Saturday, 9 March 2013

Credit - The Yield Skeksis


"The ignorant mind, with its infinite afflictions, passions, and evils, is rooted in the three poisons. Greed, anger, and delusion." - Bodhidharma 

While watching the on-going "Yield Famine", with credit investors dipping their toes more and more clearly outside their comfort zone and snapping up CLOs (Collateralized Loan Obligations), providing the necessary fuel for the biggest surge in corporate buyouts since the outset of the financial crisis, we thought our weekly analogy should, no doubt, refer to some of the main antagonists, the Skeksis, from Jim Henson's legendary 1982 fantasy film the Dark Crystal.

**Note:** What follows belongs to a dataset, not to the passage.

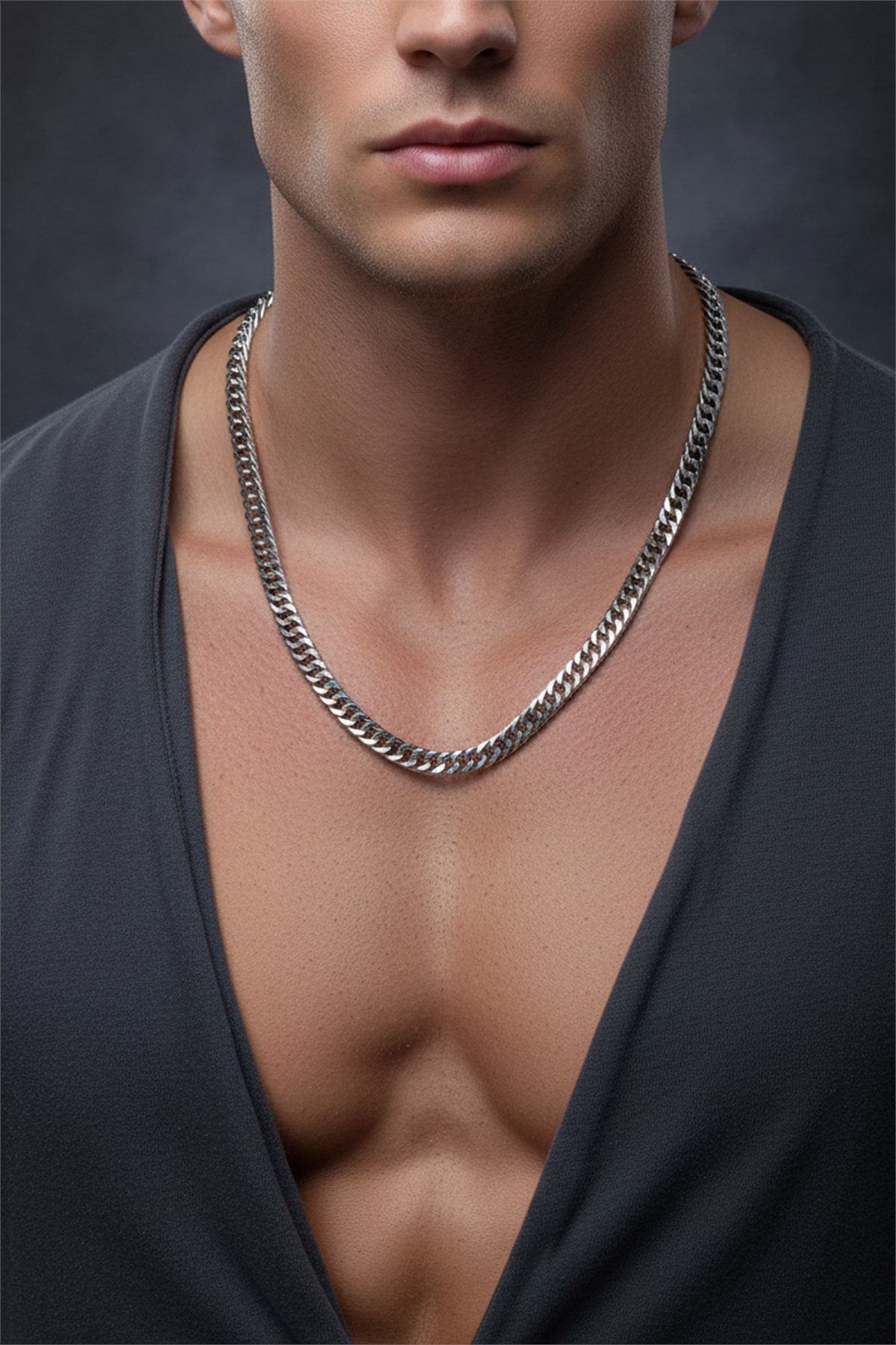 Toptan Kalın Sık Aralıklı Yassı Zincir Unisex Kolye – 240

In the Dark Crystal, the Skeksis are the corrupt rulers of the planet Thra, having inherited it from their benevolent Urskek predecessors. While they are the embodiment of their knowledgeable predecessors, due to the accelerated decomposition of their bodies, the Skeksis constantly search for ways to prolong their lives at all costs. In similar fashion to the Dark Crystal Skeksis, our Yield Skeksis constantly search for ways to enhance their yield returns.
The primary method of the original Skeksis was to expose themselves to sunlight channeled directly through the Dark Crystal, though the amount of energy replenished to them was greatly dependent on the conjunction of Thra's three suns. In similar fashion, our Yield Skeksis are highly dependent on interest levels set up globally by the Central banks to replenish their level of "energy". 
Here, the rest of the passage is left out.